+++ Record extracts

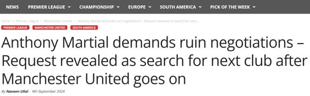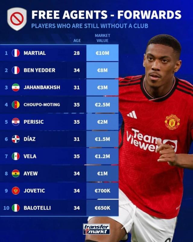 曼联前峰、法国妖王马夏尔在自由面前,至今未找到新主人。
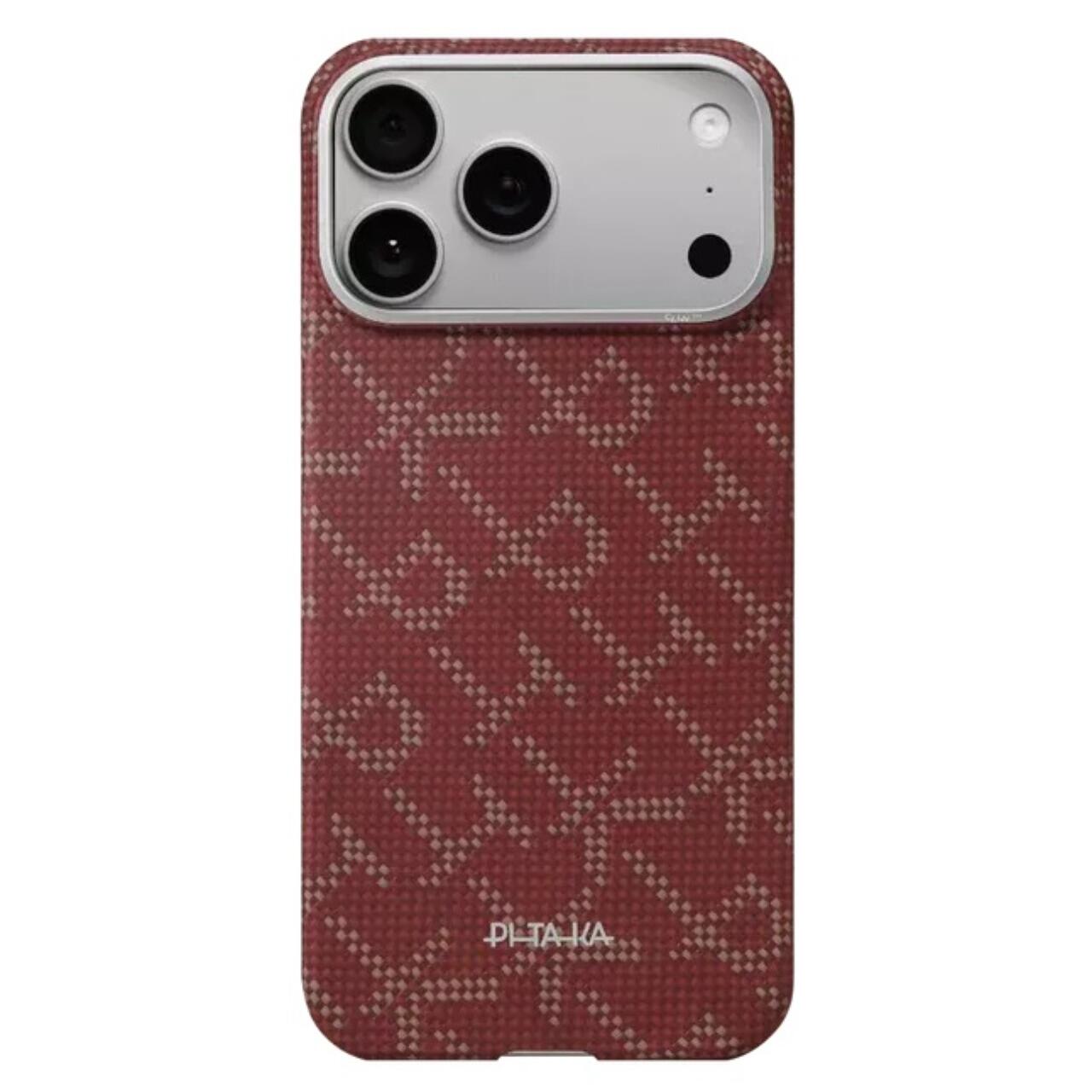 Pitaka Husa Ultra-Slim Aramida Monogram Magsafe iPhone 17 Pro Max Gold / Red
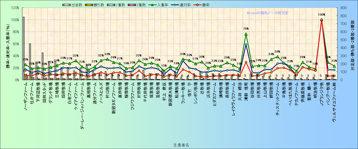 | 生産者別 | ダートコース1200m限定解析(近3年) | |||||||||||||
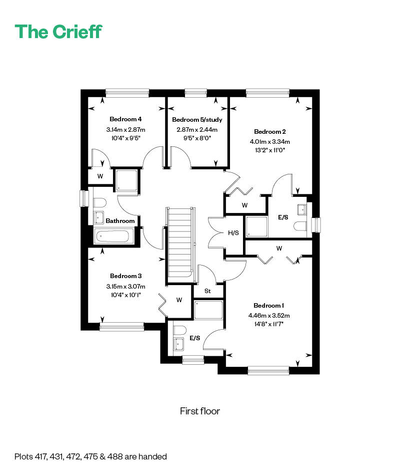 Four double bedrooms, two with en suite, plus a study/fifth bedroom makes The Crieff a family home with room to grow. The four larger bedrooms feature fitted wardrobes, and upstairs is completed by a luxurious family bathroom. Downstairs, the spacious, L-shaped entrance hall gives access to the formal lounge and a large open plan kitchen and family/dining room. A downstairs cloakroom, ample storage, utility room and integral garage cater for all practicalities.
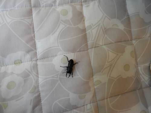 シ」です。別荘地というものは、たいていは自然豊かな場所を選んで開発されるものだと思うのですが、そのため、たまにびっくりするような訪問者があります。なんか臭うなと思ったら、カメムシが部屋に侵入していたり、薪棚の上で蛇がとぐろを巻いていたり。動物たちが生息しているテリトリーに、こちらがお邪魔しているわけですから、文句を言えた義理ではありませんけれど。その點、クワガタムシやカブトムシなどはむしろ歓迎したい訪問者です。
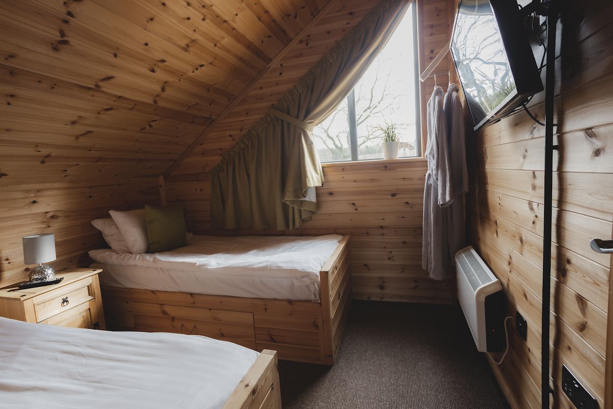 Set against the beautiful backdrop of the lake, our Willow Lakeside cabins comfortably accommodate six guests with two double rooms and a tw...
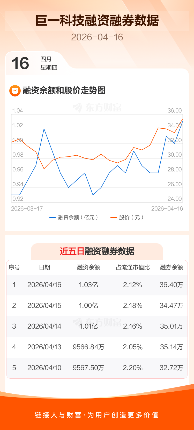 交易所最新数据显示,巨一科技于2026年4月16日获融资买入1697.30万元,融资偿还1419.08万元,当日融资净买入278.22万元。目前,该股融资余额1.03亿,占流通市值比例为2.12%。

++++++

▸ Description of the task: Your answer must be the lines above from the one holding "Pitaka Husa Ultra-Slim" up to and including the one holding "ダートコース1200m限定解析(近3年) | |||||||||||||", exact and with no pictures.

▸ Solution to this problem:
 Pitaka Husa Ultra-Slim Aramida Monogram Magsafe iPhone 17 Pro Max Gold / Red
 | 生産者別 | ダートコース1200m限定解析(近3年) | |||||||||||||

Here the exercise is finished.